Это „освоение мира“ проходит часто в форме случайного и, казалось бы, алогичного. Рабле питает явное пристрастие к бесцельным, самодовлеющим формам „чистой самодеятельности“, к комизму играющего ребенка, которому просто весело. Ребенок строит уморительные рожи, в азарте лопочет несусветное, наслаждаясь игрой своих мышц, свободным речетворчеством. Таковы страницы перечисления имен поваров, вошедших в сооруженную братом Жаном „боевую свинью“ перед битвой с Колбасами (IV-39):
Жрижри
Пожри
Обожри
Салоешь
Салорежь
Салосвесь
Саломсмажь
Саломшпик
Саломсморк
Саломсмок
Салолюб
Прожри
Сожри
Дожри
Недожри
Саложри
Масложри
Свинейжри
Жирнейжри
Пейдажри
Саложуй
Саломблюй и т. д.
Таков и диспут по спорным вопросам философии, геометрии и кабалы между Панургом и ученым Таумастом (причем оба изъясняются только жестами). Таковы и речи сеньоров Лижизада, Пейвино и Пантагрюэля, разрешающего их тяжбу, – чистейшая ахинея, произносимая с необычайно важным видом. Гротеск здесь выходит за пределы пародирования схоластики или сатиры на судопроизводство. Судебные речи – своего рода вдохновенная абракадабра, где сама мелодика „аргументации“ тяжущихся сторон словно обладает „убедительной силой“.

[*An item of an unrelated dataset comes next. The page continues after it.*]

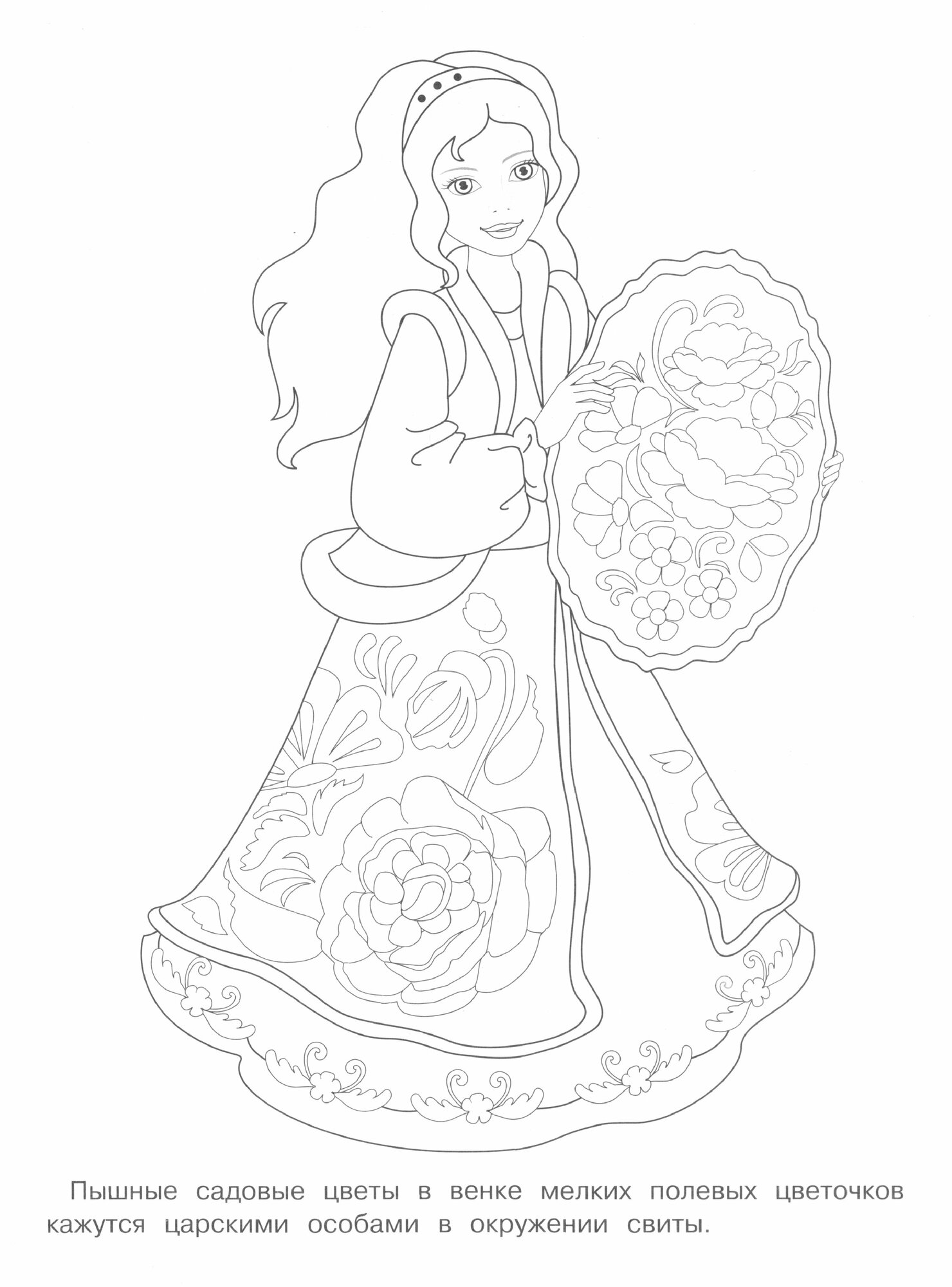 Вся серия раскрасок очень красивая! На одной стороне нарисована девушка в сарафане с определенным орнаментом в цвете, на другой - она же, но в ч/б цвете, для раскрашивания.
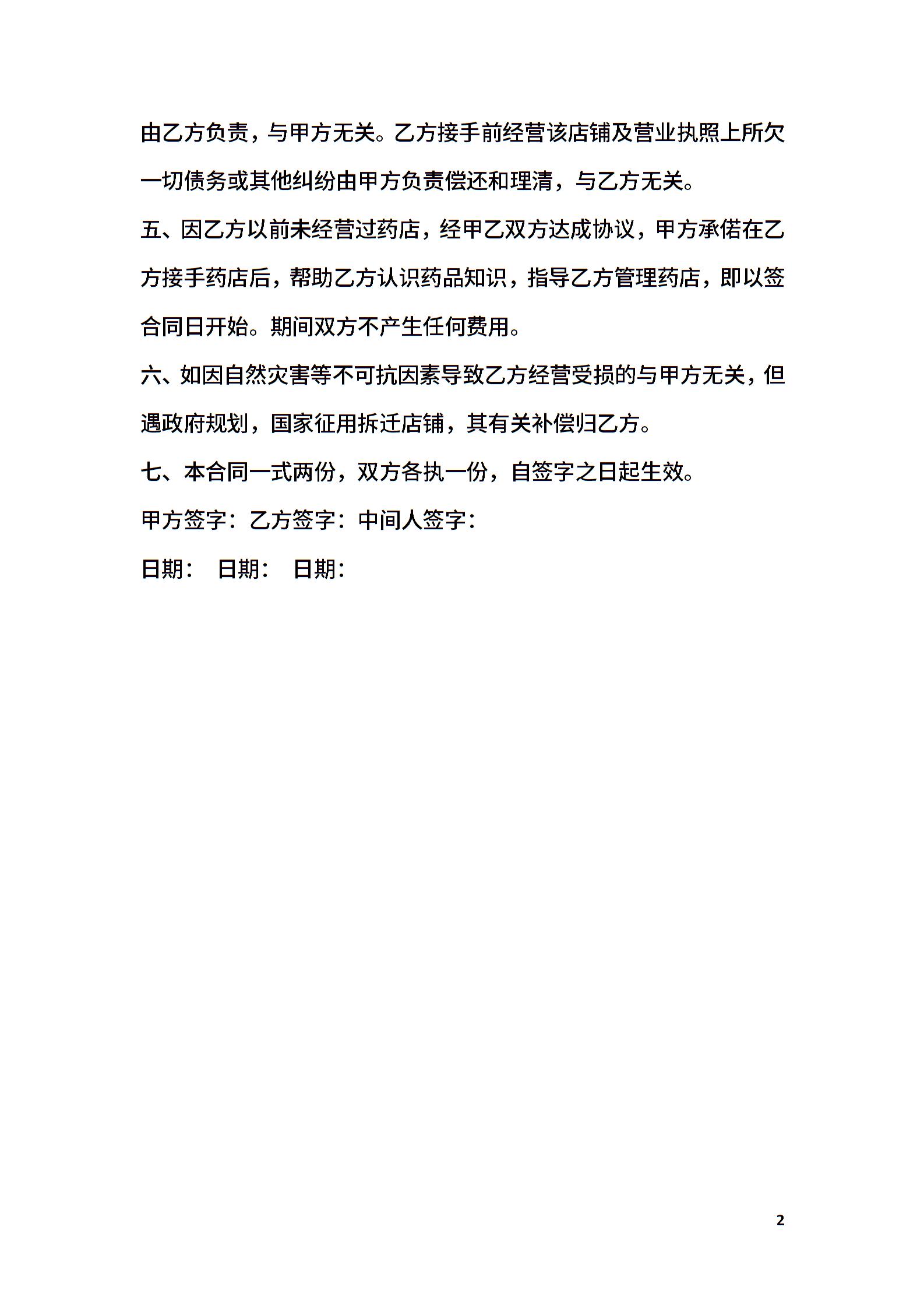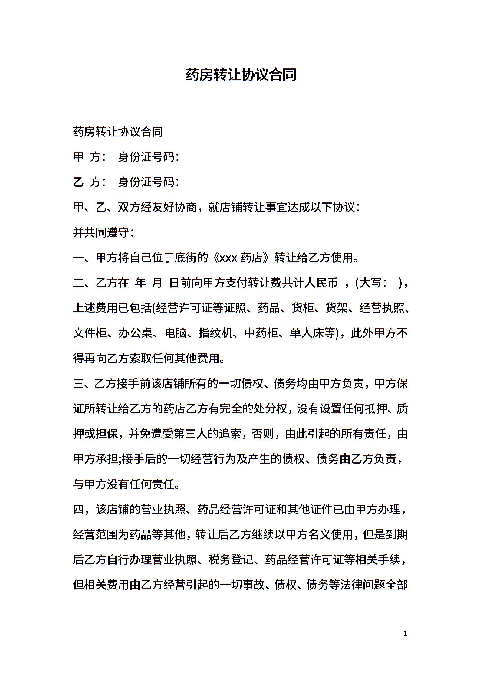 药房转让协议合同

Алогическое в произведении Рабле – это „играющая“ Природа, прославленная в пантагрюэлизме стихия „вина“ как источника силы – силы творческой, хотя еще бесцельной, „неразумной“ и детски забавной. Ритмика перечисления имен поваров или синтаксис судебной речи Пантагрюэля опьяняют читателя самим звучанием. Слово здесь рассчитано на произнесение, а не на чтение глазами, оно в прямом смысле почти ничего не сообщает. Но как и в „Похвальном слове“ Эразма, для Рабле отправным пунктом человеческого развития и прославления Разума является стихийно жизнерадостная, скорее нерассудочная, чем неразумная природа.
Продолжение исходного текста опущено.